■ What this task involves: Give again exactly the lines that run from the start of the records to the line holding "Zusammenbau umgekehrt. Wichtig: Der", both ends counted. Do not include the pictures.

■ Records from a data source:
•••••

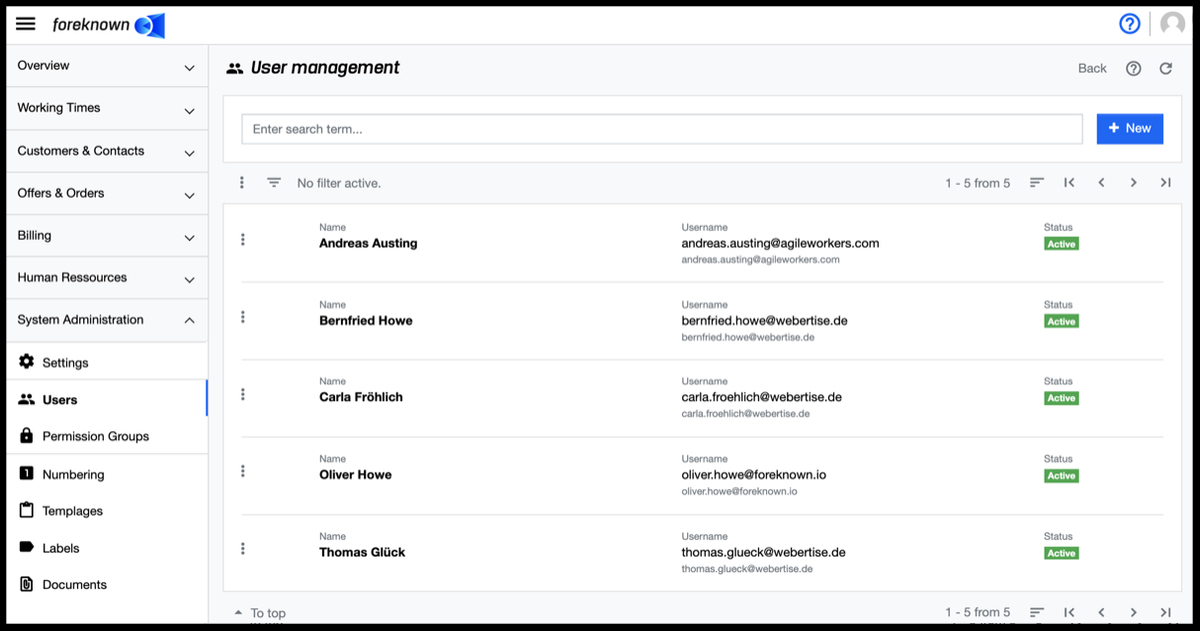 The user administration provides all functions to control the login and permissions of users in foreknown. Therefore, a user must be created for each person who is to be granted access for foreknown and provided with the necessary properties and roles.
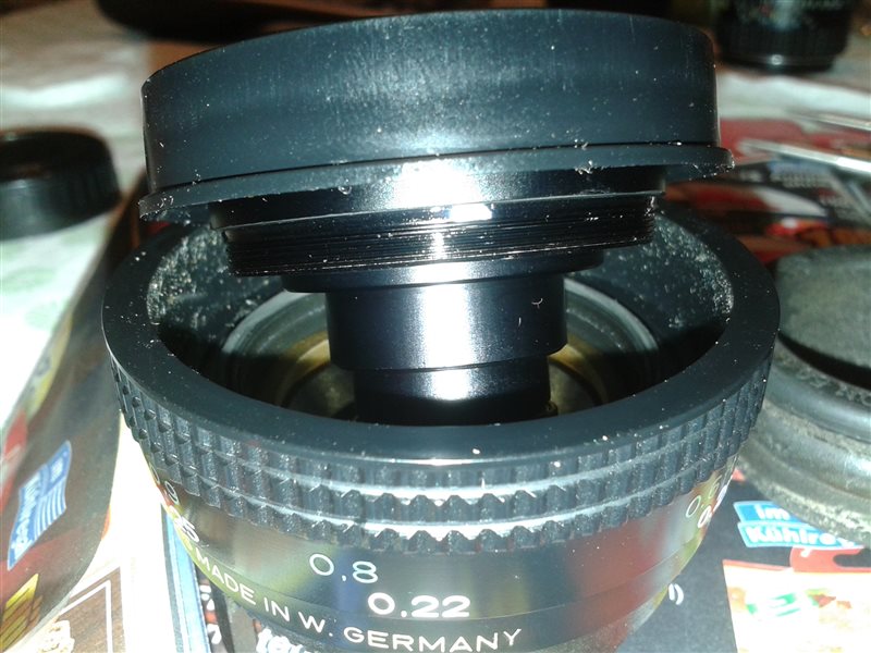 Zusammenbau umgekehrt. Wichtig: Der Messingspannring für den Metertrieb MUSS nach Montage mit Lack oder Sekundenkleber fixiert werden ! Dazu den Ring zuerst leicht handfest eindrehen. Testen, ob sich der Metertrieb noch gut verstellen läßt (Einstellring aus Kunststoff kurzzeitig draufschrauben). Der Messingring sollte eher etwas fester sitzen (damit leider auch etwas strammeres Fokussieren), damit möglichst wenig axiales Spiel besteht. Zu fest ist auch schlecht, denn es soll kein Fixfokus Objektiv sein :-)
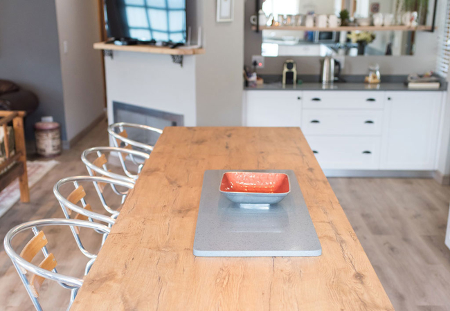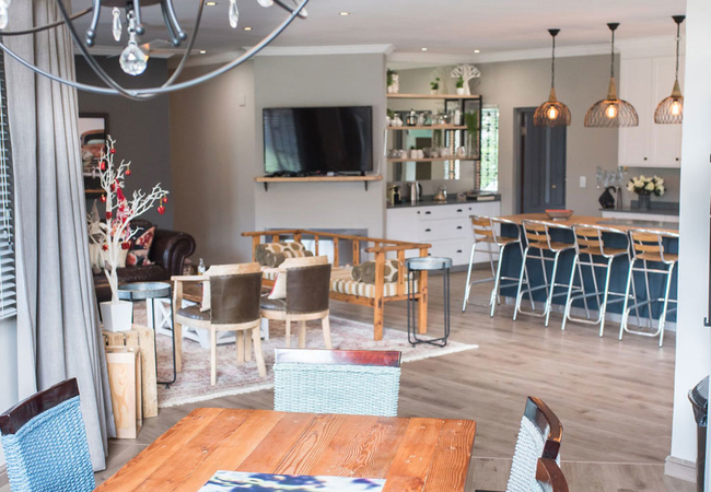 The house offers four bedrooms and can accommodate eight adults comfortably. The main bedroom has a king size extra length bed, built-in cupboard, en-suite bathroom with bath, shower, toilet, bidet and heated towel rail. The second bedroom has a king size bed, built-in cupboard, en-suite toilet only and own entrance door. The third bedroom has twin beds that can be converted to a king size bed on request with a set of cupboards. The fourth bedroom has twin beds and a built-in cupboard. Electric blankets ensure that the bedrooms are warm and cozy. Top quality linen (230 percale), duvets and extra blankets are also supplied. The bedrooms are all supplied with hair dryers. Both bathrooms have both a bath and a shower with heated towel rails and there is a separate 3rd toilet. Additional Facilities: The house has a fully equipped kitchen with a gas / electrical stove, fridge / freezer and a dishwasher for convenience. The open plan living area boasts a fireplace and is equipped with full DStv. Safe parking is available inside a double garage with remote control door.
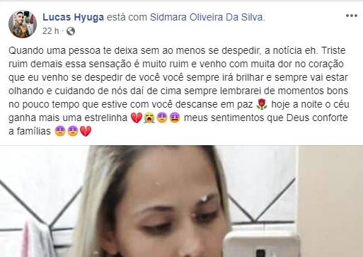 No perfil do suspeito de cometer o crime em uma rede social, há uma postagem de “despedida” para a vítima. No texto, que está acompanhado de uma foto dela, ele diz que não teve a chance de se despedir. A publicação recebeu centenas de comentários, alguns acusando o suspeito de tentar enganar as autoridades. A Polícia Civil confirmou que ele foi o autor da publicação e que disse que não imaginava que seria descoberto.
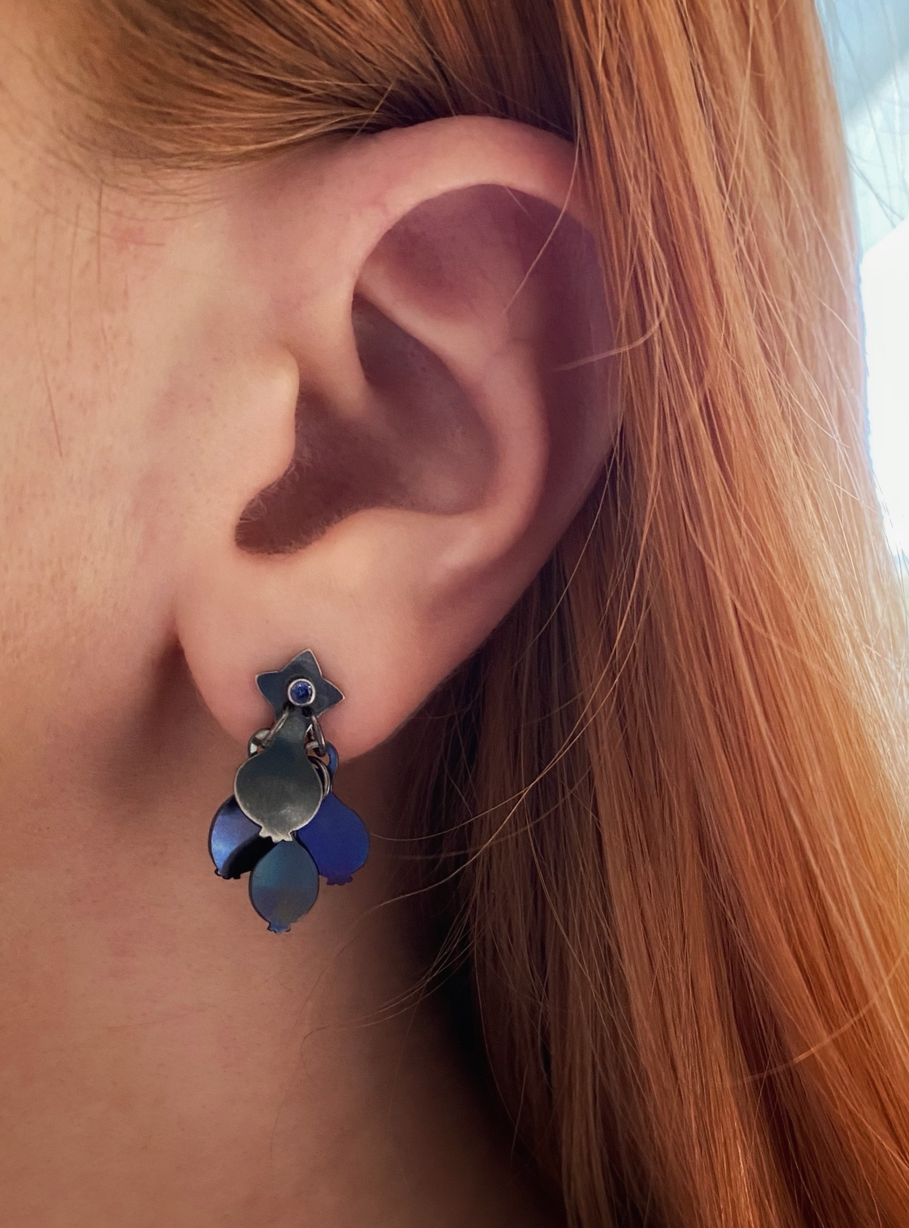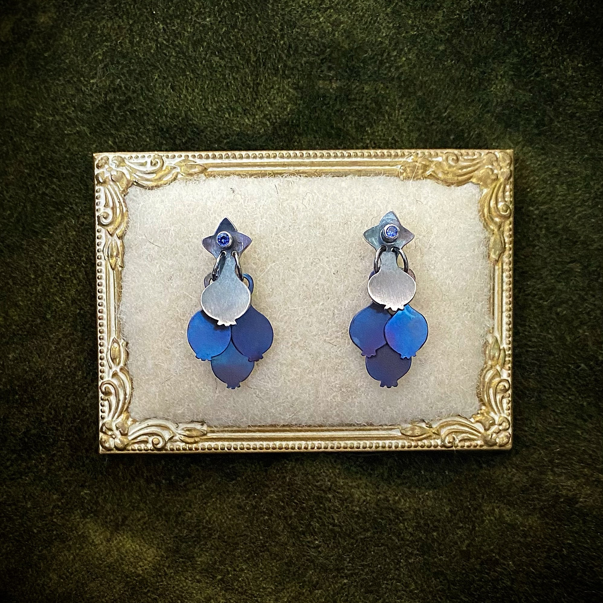 Neid armsaid käsitööna valminud mini-soomuseid, sinakalt helklevaid marjakobaraid, ehivad sinised kivid. Kaunid kõrvarõngad, mida sobib kanda pidulikematel puhkudel, kuid on samas piisavalt mugavad, et tuua sära ka argipäeva. Et sinakad detailid on valmistatud titaanist, on need ehted muljetavaldavalt kerged. Saadaval üks paar! Ehted saadetakse mustas kinkekarbis.

•••••

■ Answer box:
 The user administration provides all functions to control the login and permissions of users in foreknown. Therefore, a user must be created for each person who is to be granted access for foreknown and provided with the necessary properties and roles.
 Zusammenbau umgekehrt. Wichtig: Der Messingspannring für den Metertrieb MUSS nach Montage mit Lack oder Sekundenkleber fixiert werden ! Dazu den Ring zuerst leicht handfest eindrehen. Testen, ob sich der Metertrieb noch gut verstellen läßt (Einstellring aus Kunststoff kurzzeitig draufschrauben). Der Messingring sollte eher etwas fester sitzen (damit leider auch etwas strammeres Fokussieren), damit möglichst wenig axiales Spiel besteht. Zu fest ist auch schlecht, denn es soll kein Fixfokus Objektiv sein :-)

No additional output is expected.